なぜ日本人は核と原発の使い分けができたのか。原発の表の顔は、無限ともいえるエネルギーを供給してくれる福の神だが、裏の顔は膨大な放射性物質を出し続ける悪魔である。日本人なら両面を知らないはずがない。
メディアの歴史を見ると、確かに「核は悪、原発は善」という図式の報道が戦後続いた。少なくともチェルノブイリまで。チェルノブイリ事故の悲惨さは多くのメディアで報道された。それでも日本人の意識は大きく変化しなかった。それだけ日本人の原発観はメディアに影響されなかったということだろうか。潜在的危険性がいくら大きくても平和利用なら許される。平和目的の技術は信頼できる。そんな日本人の無意識的確信があるのかもしれない。
信頼できる人、政府や官僚、財界が安全だというから安全だと信じる。福島以後、原発再稼動について判断を求められた地元の町長や知事が同意したり、撤回したりしたのは、そういう図式で判断しているからだろう。信頼できる人が安全だというから安全なんだと多くの国民は判断している。メディア露出度の高い人が安全だというから安全なのだ、という思考回路だとすれば、メディアの責任も重い。

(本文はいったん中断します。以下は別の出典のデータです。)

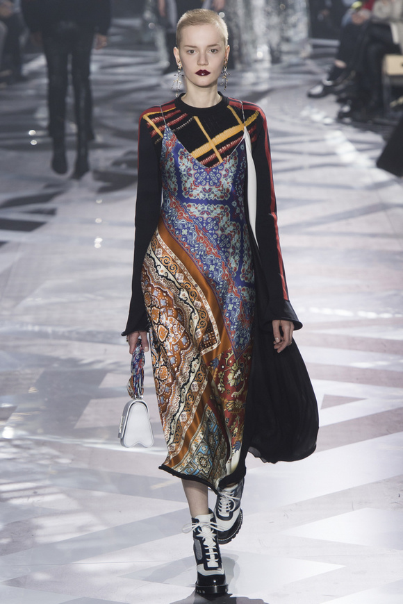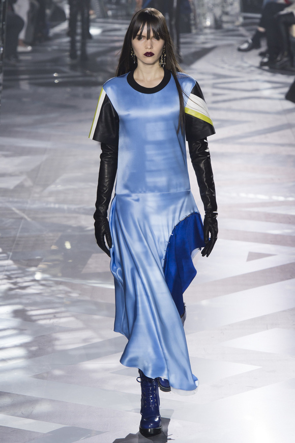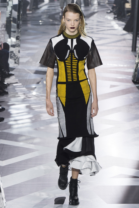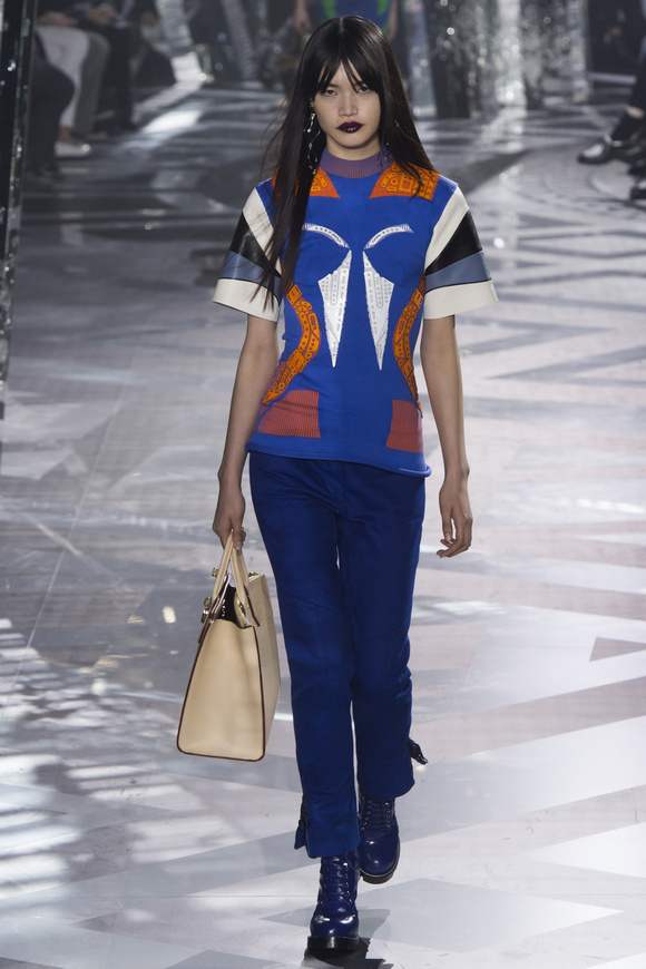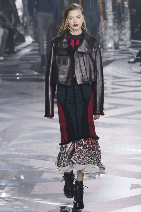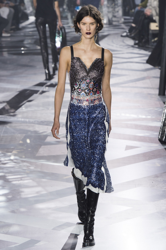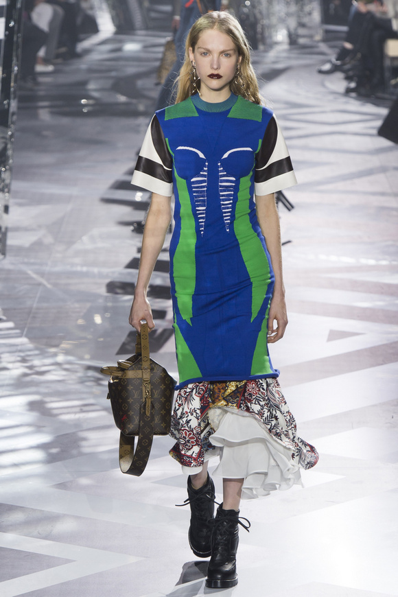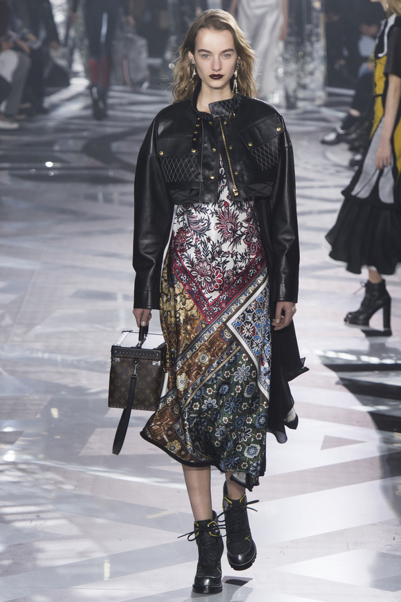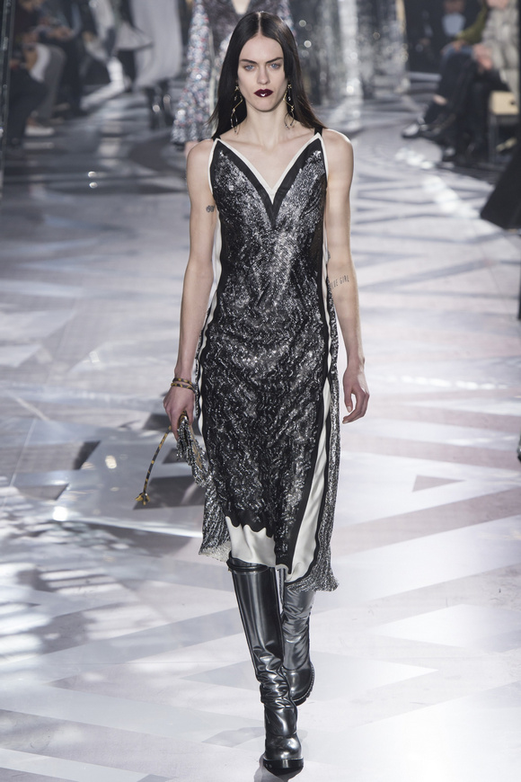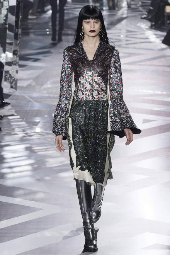 旅行,一直都是Louis Vuitton永恒的主題。鏡子所制成的圓柱,使用水泥以及破碎的鏡片,是對于Justin Morinrsquo;s ldquo;融化之骨ldquo;的重新演繹,本季,Nicolas Ghesquiegrave;re用ldquo;未來考古學rdquo;概念,發(fā)現了未來的考古之旅。秀場布置得如同在水底發(fā)現的亞特蘭提斯城般,失落的未來城市。這是一個由破碎的鏡子所組成的城市,半頹半傾,但破碎的廢墟中充斥著高科技的未來。

いま政府も官僚も財界も原発については国民から信頼されていない。菅直人が辞任したからといって信頼が回復するとは思えない。
去年の夏。学生向けの非公開ブログで「原爆と私」という記事を書いた。その最後にこう書いた。
「原子力問題を書くために記者になったわけではない。そんな思いがあった。だが、今となってそれは間違っていたと思う。ちゃんと勉強したヤツは公に何もいわないのだ。専門家とはどの分野でも口が重い。
思い上がりといわれるかもしれないが、自分が原爆や原発問題について書いていればもっと事情は違っていたかもしれない。そんな後悔の念に見舞われた原爆の日だった」。

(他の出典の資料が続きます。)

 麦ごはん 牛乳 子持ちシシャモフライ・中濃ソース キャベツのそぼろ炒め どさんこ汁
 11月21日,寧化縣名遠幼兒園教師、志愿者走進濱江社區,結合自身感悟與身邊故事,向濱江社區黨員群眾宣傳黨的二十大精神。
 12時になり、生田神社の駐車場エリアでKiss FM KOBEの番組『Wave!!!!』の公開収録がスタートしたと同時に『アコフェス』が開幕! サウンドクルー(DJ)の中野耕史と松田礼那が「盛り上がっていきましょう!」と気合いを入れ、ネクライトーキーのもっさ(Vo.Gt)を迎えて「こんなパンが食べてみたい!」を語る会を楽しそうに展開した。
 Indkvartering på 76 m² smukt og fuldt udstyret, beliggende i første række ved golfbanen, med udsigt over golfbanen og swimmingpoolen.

福島以降、原発問題について書き綴ってきたのは、こうした思いがあったからだ。事故から4ヶ月たって、アンジェラ・アキの歌の文句ではないが、日本人は何を信じて生きていけばいいのか、迷っている。
「核は悪、原発は善」=「原爆は悪、原発は善」という図式は、なんら反省されることなく、現在でも再生産されています。すなわち「原発は完全な悪、自然エネルギーは完璧な善」が、疑うことなく喧伝されています。これに異議を唱えるのは、それこそ国賊に対するような非難をあびせられます。自然エネルギー=再生可能エネルギーは、本当に、原発に代わりうるか。少なくとも、火力発電所を増設せずに済むのか。いま、冷静に、きちんと、検討すべき時期ではないだろうか。私の少ない知見からでも、再生可能エネルギーは、所詮化石エネルギーの代替には、なりません。脱原発論者の大きな弱点は「再生可能エネルギーは完璧な善」と短絡結合し、その呪縛から開放されていないことと、思われます。脱原発はいいとして、再生可能エネルギーで代替できる、という論理は、幻影にしかすぎません。